On 5/30/10 3:05 PDT, Lars Tandle Kyllingstad wrote:
> I agree.  That's what I did for UnbufferedFile, which I hope to add to std.stdio:
>
> http://github.com/kyllingstad/ltk/blob/master/ltk/stdio.d
>
> -Lars
>
> _______________________________________________
> phobos mailing list
> phobos at puremagic.com
> http://lists.puremagic.com/mailman/listinfo/phobos
August 26, 2010
On 5/31/10 10:00 PDT, Shin Fujishiro wrote:
>> I want chunks of Range version like ByLine(and I hope byChunk returns
>> ByChunk).
>
> I want it too.
>
> But ByChunk should be more generic IMO.  It should be an adaptor which converts some "bulk input" to range.
>
> This is a bulk input model (similar to the Source concept*1):
> ----------
> struct BulkInput
> {
>      // Returns true if there is no more data
>      bool eof();
>
>      // Reads data in buf and returns the number of elements read
>      size_t read(T[] buf);
>      size_t read(U[] buf);
>      ...
> }
> ----------

What types are T and U?

Andrei
August 27, 2010
I've been thinking some more about this, and I think you're right. Creating an entirely new type for this one use case may be overkill.  A buffering-on/-off flag in File should suffice.

Another point worth noting is that we only need the input stream to not be buffered.  For the output and error streams, spawnProcess() would just call flush() before passing them on to the child process.

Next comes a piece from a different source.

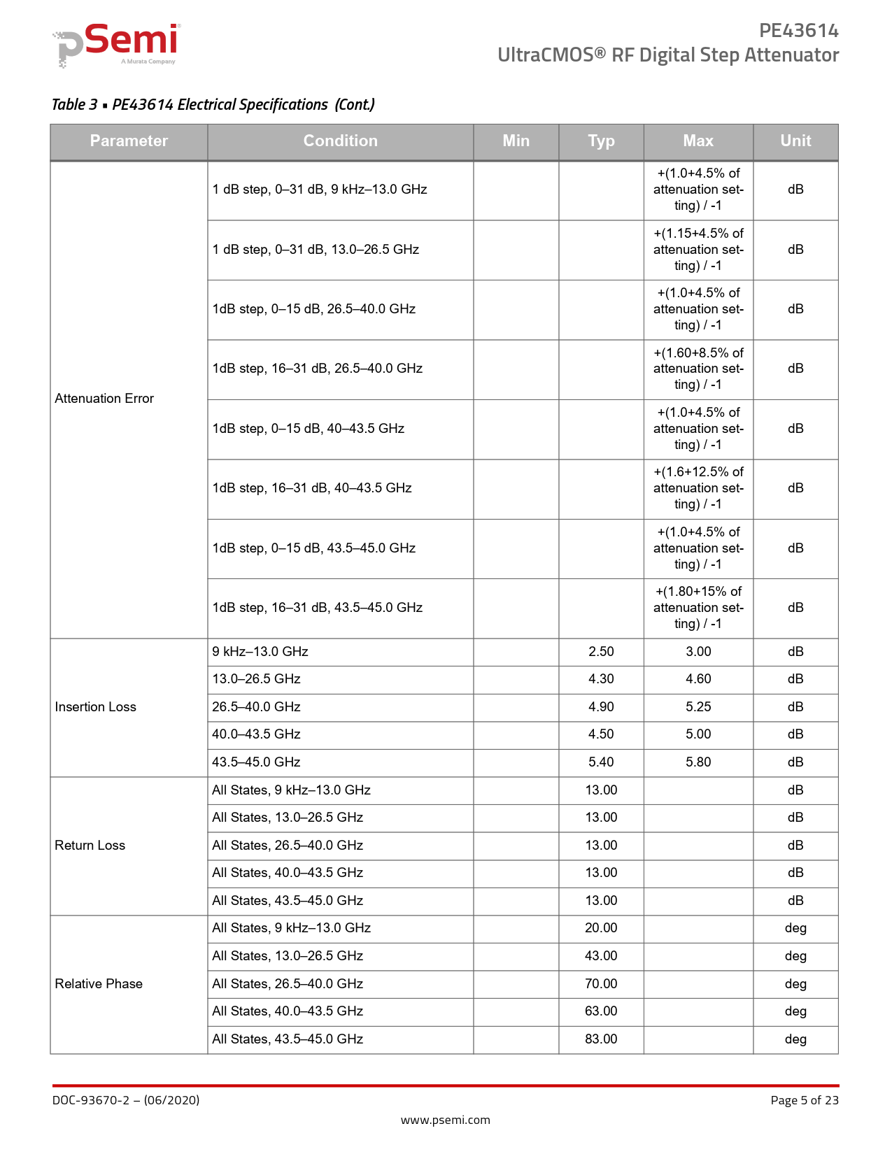 +(1.0+4.5% of 1 dB step, 0–31 dB, 9 kHz–13.0 GHz attenuation set- dB ting) / -1 +(1.15+4.5% of 1 dB step, 0–31 dB, 13.0–26.5 GHz attenuation set- dB ting) / -1 +(1.0+4.5% of 1dB step, 0–15 dB, 26.5–40.0 GHz attenuation set- dB ting) / -1 +(1.60+8.5% of 1dB step, 16–31 dB, 26.5–40.0 GHz attenuation set- dB ting) / -1 Attenuation Error +(1.0+4.5% of 1dB step, 0–15 dB, 40–43.5 GHz attenuation set- dB ting) / -1 +(1.6+12.5% of 1dB step, 16–31 dB, 40–43.5 GHz attenuation set- dB ting) / -1 +(1.0+4.5% of 1dB step, 0–15 dB, 43.5–45.0 GHz attenuation set- dB ting) / -1 +(1.80+15% of 1dB step, 16–31 dB, 43.5–45.0 GHz attenuation set- dB ting) / -1 9 kHz–13.0 GHz 2.50 3.00 dB 13.0–26.5 GHz 4.30 4.60 dB Insertion Loss 26.5–40.0 GHz 4.90 5.25 dB 40.0–43.5 GHz 4.50 5.00 dB 43.5–45.0 GHz 5.40 5.80 dB All States, 9 kHz–13.0 GHz 13.00 dB All States, 13.0–26.5 GHz 13.00 dB Return Loss All States, 26.5–40.0 GHz 13.00 dB All States, 40.0–43.5 GHz 13.00 dB All States, 43.5–45.0 GHz 13.00 dB All States, 9 kHz–13.0 GHz 20.00 deg All States, 13.0–26.5 GHz 43.00 deg Relative Phase All States, 26.5–40.0 GHz 70.00 deg All States, 40.0–43.5 GHz 63.00 deg All States, 43.5–45.0 GHz 83.00 deg DOC-93670-2 – (06/2020) Page 5 of 23 www.psemi.com Document Outline Features Applications Product Description Optional External VSS Control Absolute Maximum Ratings ESD Precautions Latch-up Immunity Recommended Operating Conditions Electrical Specifications Switching Frequency Spur-free Performance Glitch-safe Attenuation State The PE43614 features a novel architecture to provide safe transition behavior when changing attenuation states. When RF input power is applied, positive output power spikes are prevented during attenuation state changes by optimized internal timing c... Truth Tables Serial Addressable Register Map Programming Options Parallel/Serial Selection Parallel Mode Interface For direct parallel programming, the LE line should be pulled HIGH. Changing attenuation state control values changes the device state to new attenuation. Direct mode is ideal for manual control of the device (using hardwire, switches, or jumpers). Serial-Addressable Interface Power-up Control Settings Typical Performance Data Pin Configuration Packaging Information Moisture Sensitivity Level Package Drawing Top-Marking Specification Tape and Reel Specification Ordering Information

Steven, do you have any comments?

-Lars


On Thu, 2010-08-26 at 22:14 -0700, Andrei Alexandrescu wrote:
> Regarding UnbufferedFile, I think we should sit down and analyze again what we want to achieve. I understand it's not easy to remember the buffering mode for a file once opened, but since File intercepts fopen() and setvbuf(), it should be easy to add a field to File that tells whether it uses buffering or not, and to set buffering upon opening the file. I don't think an entire new type is justified here.
> 
> Andrei
> 
> On 5/30/10 3:05 PDT, Lars Tandle Kyllingstad wrote:
> > I agree.  That's what I did for UnbufferedFile, which I hope to add to std.stdio:
> >
> > http://github.com/kyllingstad/ltk/blob/master/ltk/stdio.d
> >
> > -Lars
> >
> > _______________________________________________
> > phobos mailing list
> > phobos at puremagic.com
> > http://lists.puremagic.com/mailman/listinfo/phobos


August 27, 2010
I don't really understand the concern for adding another type... We add types all the time for less important reasons.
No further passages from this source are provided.